Leetcode #654: Maximum Binary Tree
In this guide, we solve Leetcode #654 Maximum Binary Tree in Python and focus on the core idea that makes the solution efficient.
You will see the intuition, the step-by-step method, and a clean Python implementation you can use in interviews.
Problem Statement
You are given an integer array nums with no duplicates. A maximum binary tree can be built recursively from nums using the following algorithm: Create a root node whose value is the maximum value in nums.
Quick Facts
- Difficulty: Medium
- Premium: No
- Tags: Stack, Tree, Array, Divide and Conquer, Binary Tree, Monotonic Stack
Intuition
We need the next greater or smaller element efficiently, which is exactly what a monotonic stack offers.
Each element is pushed and popped at most once, yielding a linear-time scan.
Approach
Maintain a stack that is either increasing or decreasing, depending on the query.
When the invariant is broken, pop and resolve answers for those indices.
Steps:
- Scan elements once.
- Pop while the monotonic condition is violated.
- Use stack indices to update answers.
Example
Input: nums = [3,2,1,6,0,5]
Output: [6,3,5,null,2,0,null,null,1]
Explanation: The recursive calls are as follow:
- The largest value in [3,2,1,6,0,5] is 6. Left prefix is [3,2,1] and right suffix is [0,5].
- The largest value in [3,2,1] is 3. Left prefix is [] and right suffix is [2,1].
- Empty array, so no child.
- The largest value in [2,1] is 2. Left prefix is [] and right suffix is [1].
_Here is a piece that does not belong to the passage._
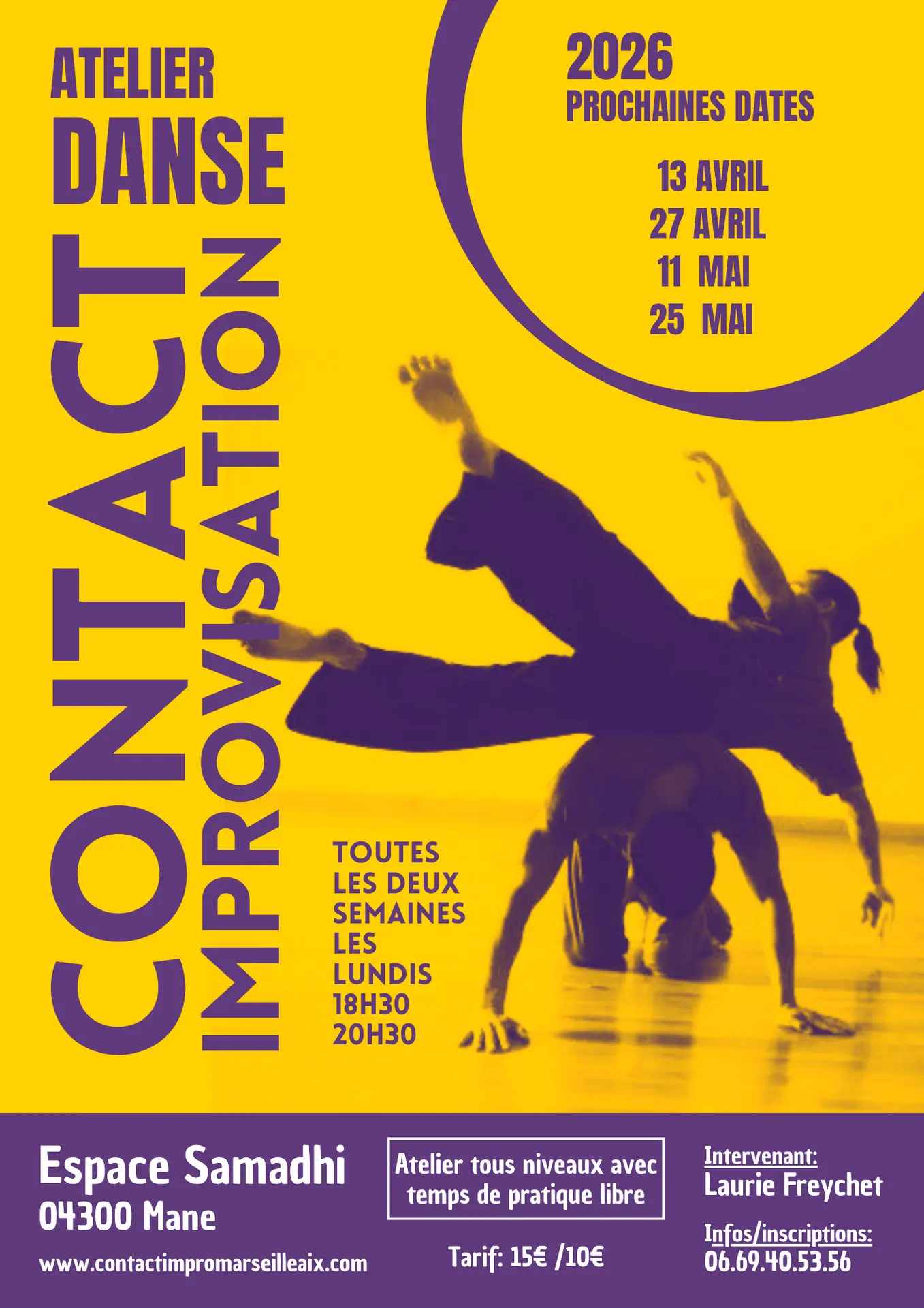 Chaque atelier se termine par un temps de jam, pratique de contact improvisation libre (avec ou sans musique, avec ou sans contact).

- Empty array, so no child.
- Only one element, so child is a node with value 1.
- The largest value in [0,5] is 5. Left prefix is [0] and right suffix is [].
- Only one element, so child is a node with value 0.
- Empty array, so no child.
Python Solution
# Definition for a binary tree node.
# class TreeNode:
# def __init__(self, val=0, left=None, right=None):
# self.val = val
# self.left = left
# self.right = right
class Solution:
def constructMaximumBinaryTree(self, nums: List[int]) -> Optional[TreeNode]:
def dfs(nums):
if not nums:
return None
val = max(nums)
i = nums.index(val)
root = TreeNode(val)
root.left = dfs(nums[:i])
root.right = dfs(nums[i + 1 :])
return root
return dfs(nums)
Complexity
The time complexity is O(n). The space complexity is O(n).
Edge Cases and Pitfalls
Watch for boundary values, empty inputs, and duplicate values where applicable. If the problem involves ordering or constraints, confirm the invariant is preserved at every step.
Summary
This Python solution focuses on the essential structure of the problem and keeps the implementation interview-friendly while meeting the constraints.